Les remarques précédentes illustrent
l'importance de la méthodologie de recueil de l'information pour les exploitations
étiologiques dans ce type d'enquête ; les données sur l'exposition à l'amiante des cas
de mésothéliome n'ont de signification que si elles sont comparées à des données du
même type obtenues en utilisant une méthodologie rigoureusement analogue dans un groupe
de cas témoins. L'observation du taux d'exposition dans le groupe témoin est un reflet
de l'exposition de la population générale ; de plus, il corrige les biais
méthodologiques intervenant lors du recueil de l'information. Ce type d'étude permet de
calculer un risque relatif [31]. Ainsi MacDonald [16] a montré que la majorité des
études étiologiques concernant les mésothéliomes rencontrés dans les pays
industrialisés par la recherche rétrospective de l'exposition dans un contexte
épidémiologique cas-témoins fournissait un risque relatif presque toujours du même
ordre (environ X 4 fois), bien que les pourcentages de cas exposés dans les groupes
pathologiques variaient de 6 à 93 % suivant les études.
Actuellement, il n'existe pas de groupe
témoin parallèle au groupe des mésothéliomes du Registre Français. ce qui limite la
signification des informations sur les taux d'exposition à l'amiante. La constitution
d'un groupe témoin semble indispensable pour la crédibilité de la fonction étiologique
du Registre. Or. ceci nécessite un investissement méthodologique considérable pour
pouvoir accéder au risque relatif d'exposition à l'amiante pour les mésothéliomes
français. La question est de savoir si la communauté scientifique française a besoin de
cette information déjà établie par les études épidémiologiques anglo-saxonnes !
Peut-être serait-il plus judicieux de porter l'effort de recherche étiologique à un
niveau plus fondamental, en essayant dans un premier temps d'identifier par d'autres
méthodes que celles du questionnaire standard, tous les facteurs d'environnement qui
pourraient avoir une signification vis-à-vis de l'induction de cette tumeur. L'exemple
des observations de Turquie et à un moindre degré la découverte par le Registre
Français d'une répartition géographique localisée des mésothéliomes sans notion
d'exposition à l'amiante (fig. 6) montre que la recherche des facteurs d'environnement
responsables ne devrait pas se limiter à l'amiante [32].
La métrologie des polluants en rétention
dans les tissus doit également jouer un rôle important dans cette recherche.

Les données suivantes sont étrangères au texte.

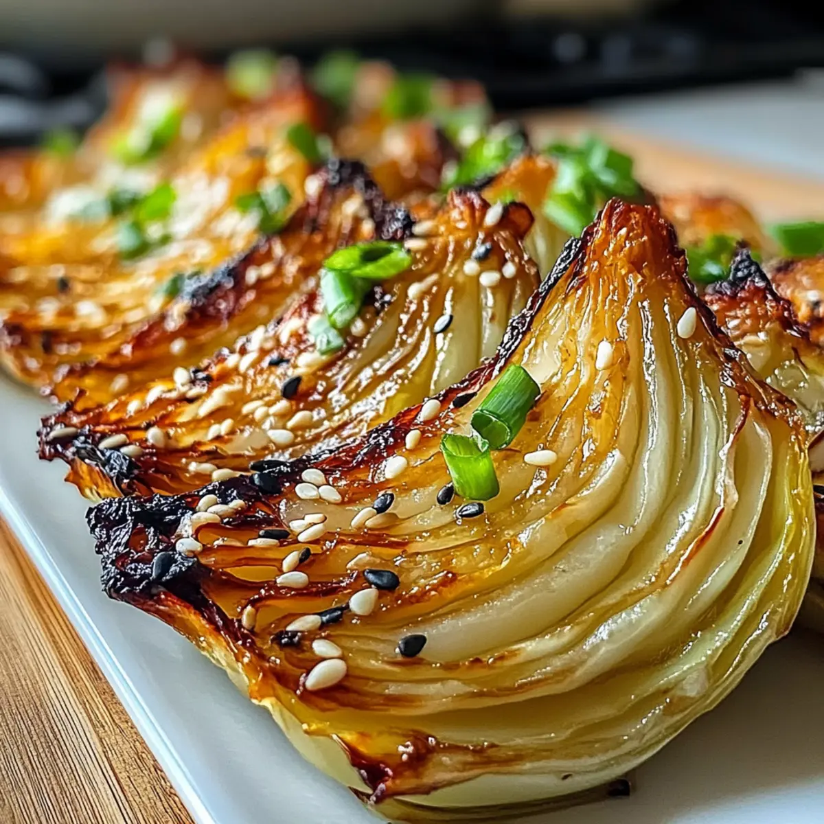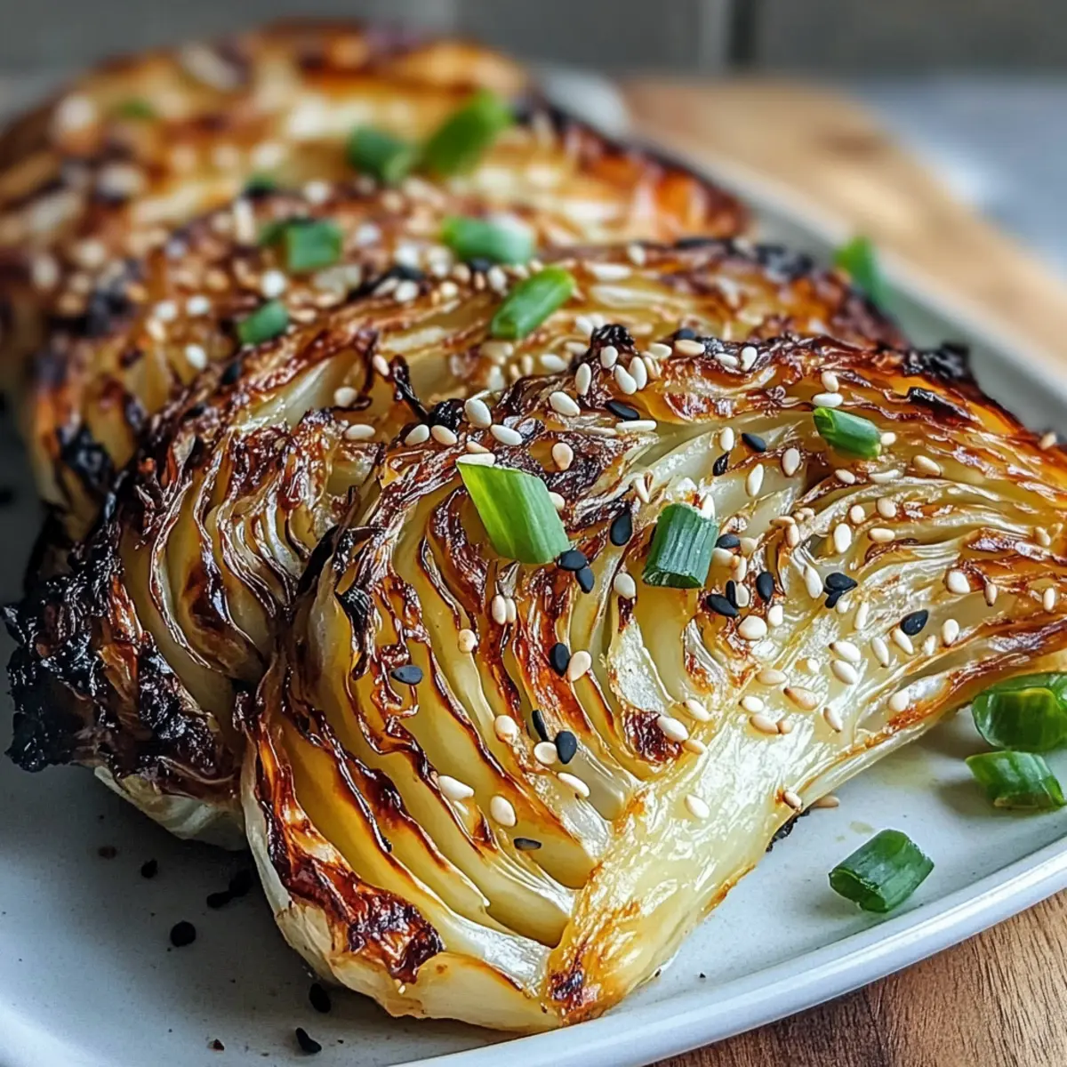 Wenn ich an die Vorzüge von geröstetem Gemüse denke, landet der Gedanken häufig beim Blumenkohl oder der Karotte. Doch wie wäre es, wenn ich Ihnen die Miso Butter Röstkohlkeile vorstelle? Dieses einfache, aber unglaublich leckere Rezept verwandelt alltägliches Gemüse in ein umami-geladenes Geschmackserlebnis, das selbst die größten Skeptiker begeistert. In nur 40 Minuten zaubern Sie eine gesunde Beilage, die herzhaft und dennoch leicht ist, perfekt als Beilage zu Ihren Lieblingsgerichten oder auch als Hauptgericht für sich allein. Die Kombination aus knackigem, geröstetem Kohl, umhüllt von einer würzigen Miso-Butter, lässt nicht nur die Geschmacksknospen tanzen, sondern auch die Herzen höher schlagen. Neugierig, wie Sie dieses unkomplizierte Highlight in Ihrer Küche umsetzen können? Warum sind Miso Butter Röstkohlkeile so besonders? Einfache Zubereitung: Mit nur wenigen Schritten und grundlegenden Kochfähigkeiten verwandeln Sie einfachen Kohl in einen wahren Genuss. Herzhafter Umami-Geschmack: Die Kombination aus Miso und Butter verleiht den Röstkohlkeilen eine Geschmackstiefe, die Sie lieben werden. Vielseitig einsetzbar: Ideal als Beilage zu gegrilltem Fisch oder als Hauptgericht. Diese Röstkohlkeile passen zu jeder Mahlzeit! Gesunde Wahl: Vollgepackt mit Nährstoffen, sind sie eine großartige, gesunde Alternative zu Fast Food; genießen Sie sie ohne schlechtes Gewissen. Veganer Fünf-Sterne-Genuss: Mit einer einfachen Anpassung durch vegane Butter ist dieses Rezept für jeden geeignet – sogar für Veganer. Nutzen Sie auch eine gelegentliche Erhöhung mit Protein Pudding Schokoladengenuss für Fitnessfans für ein rundum sättigendes Erlebnis! Miso Butter Röstkohlkeile Zutaten Für die Röstkohlkeile: • Kohl – Die Hauptzutat, die Struktur und ein herzhaftes Mundgefühl bietet; verwende rote Kohl für eine lebendige Farbe. • Ungesalzene Butter – Fügt Reichtum hinzu und hilft, die Miso-Butter zu verbinden; ersetzen Sie sie durch vegane Butter für eine pflanzliche Variante. • Weiße Miso-Paste – Bietet einen milden, leicht süßen Geschmack, der für das Umami-Profil unerlässlich ist. Alternativ kann rote Miso verwendet werden, reduziere jedoch die Menge auf 1,5 Esslöffel. • Honig oder Ahornsirup – Gibt Süße; Ahornsirup ist ideal für die vegane Option. • Reisessig – Fügt Säure hinzu, um die Aromen auszubalancieren. • Geröstetes Sesamöl – Verleiht ein nussiges Aroma und Tiefe; wichtig für das Gesamtgeschmackserlebnis. • Knoblauch – Frische und Würze; fein gerieben für gleichmäßige Verteilung. • Geröstete Sesamsamen – Zum Garnieren, für zusätzlichen Crunch und visuelle Attraktivität. • Frühlingszwiebeln – Fügt einen frischen und milden Zwiebelgeschmack hinzu; in Ringe geschnitten für die Garnitur. • Frisch gemahlener schwarzer Pfeffer – Verstärkt den Gesamtgeschmack; nach Geschmack hinzufügen. Schritt-für-Schritt-Anleitung für Miso Butter Röstkohlkeile Schritt 1: Ofen vorheizen Heizen Sie Ihren Ofen auf 220°C vor und legen Sie ein Backblech mit Backpapier aus. Dadurch erhalten die Miso Butter Röstkohlkeile eine knusprige Textur und verhindern, dass sie anhaften. Stellen Sie sicher, dass der Ofen vollständig vorgeheizt ist, bevor Sie die Röstkohlkeile hineinlegen. Schritt 2: Kohl vorbereiten Schneiden Sie den Kohl in 8 Keile und lassen Sie den Kern dabei intakt, um die Schichten zusammenzuhalten. Legen Sie die Kohlkeile gleichmäßig auf das Backblech. Achten Sie darauf, dass sie nicht übereinander liegen, damit sie gleichmäßig rösten können und die Kanten schön knusprig werden. Schritt 3: Miso-Butter herstellen In einer Schüssel die weiche Butter, weiße Miso-Paste, Honig oder Ahornsirup, Reisessig, geröstetes Sesamöl und den fein geriebenen Knoblauch gut vermischen, bis eine glatte Paste entsteht. Diese Mischung verleiht den Miso Butter Röstkohlkeilen eine köstliche Umami-Note und sorgt für den perfekten Geschmack. Schritt 4: Kohlkeile bestreichen Verwenden Sie einen Backpinsel, um großzügig die Miso-Butter-Mischung auf allen Seiten der Kohlkeile aufzutragen. Achten Sie darauf, jede Ecke zu erreichen, damit der Geschmack allseitig an den Röstkohlkeilen haftet und sie beim Rösten schön aromatisch werden. Schritt 5: Kohl rösten Backen Sie die Kohlkeile für 25-30 Minuten im vorgeheizten Ofen, und drehen Sie sie nach der Hälfte der Zeit um. Sie wissen, dass sie fertig sind, wenn sie goldbraun und karamelisiert sind. Achten Sie auf eine schöne Bräunung an den Rändern, um den besten Geschmack zu erzielen. Schritt 6: Fertigstellen und garnieren Sobald die Miso Butter Röstkohlkeile fertig sind, nehmen Sie sie aus dem Ofen und legen Sie sie auf einen Servierteller. Bestreuen Sie die Keile mit gerösteten Sesamsamen, geschnittenen Frühlingszwiebeln und frisch gemahlenem schwarzen Pfeffer, um zusätzliche Aromen und eine ansprechende Präsentation zu erzielen. Schritt 7: Servieren Servieren Sie die Miso Butter Röstkohlkeile heiß als Beilage oder leichtes Hauptgericht. Diese köstlichen Keile sind perfekt als Ergänzung zu Ihren Lieblingsgerichten und bieten ein umami-geladenes Geschmackserlebnis, das Sie und Ihre Gäste begeistern wird. Miso Butter Röstkohlkeile Variationen Lassen Sie Ihrer Kreativität freien Lauf und passen Sie das Rezept ganz nach Ihrem Geschmack an! Veganer Genuss: Ersetzen Sie die ungesalzene Butter durch vegane Butter für eine pflanzliche Variante, die ebenso lecker ist. Farbige Vielfalt: Verwenden Sie roten Kohl anstelle von grünem, um nicht nur das Auge, sondern auch den Gaumen zu erfreuen. Der tiefere Geschmack bringt ein besonderes Highlight. Würzige Note: Fügen Sie einen Teelöffel Chili-Flocken hinzu, um dem Gericht eine angenehme Schärfe zu verleihen. Dies gibt dem umami-reichen Geschmack einen tollen Kick. Zitrusfrische: Ein Spritzer frischer Limettensaft vor dem Servieren bringt eine belebende Säure ein und hebt die Aromen wunderbar hervor

Quant à la
responsabilité des diverses variétés d'amiante, les études biométrologiques ont
déjà apporté des données nouvelles [19], contradictoires de celles issues
d'observations épidémiologiques antérieures [33] ou expérimentales [34]. En effet,
dans la plèvre pariétale, on ne retrouve que de très fines et très courtes fibres
(diamètre moyen de 0,06 micromètre et longueur moyenne de 2,3 micromètre) de type
essentiellement chrysotile [19]. De telles études métrologiques pourraient être
poursuivies dans un protocole épidémiologique sélectionnant rigoureusement un nombre
limité de cas de mésothéliome du Registre et de cas témoins.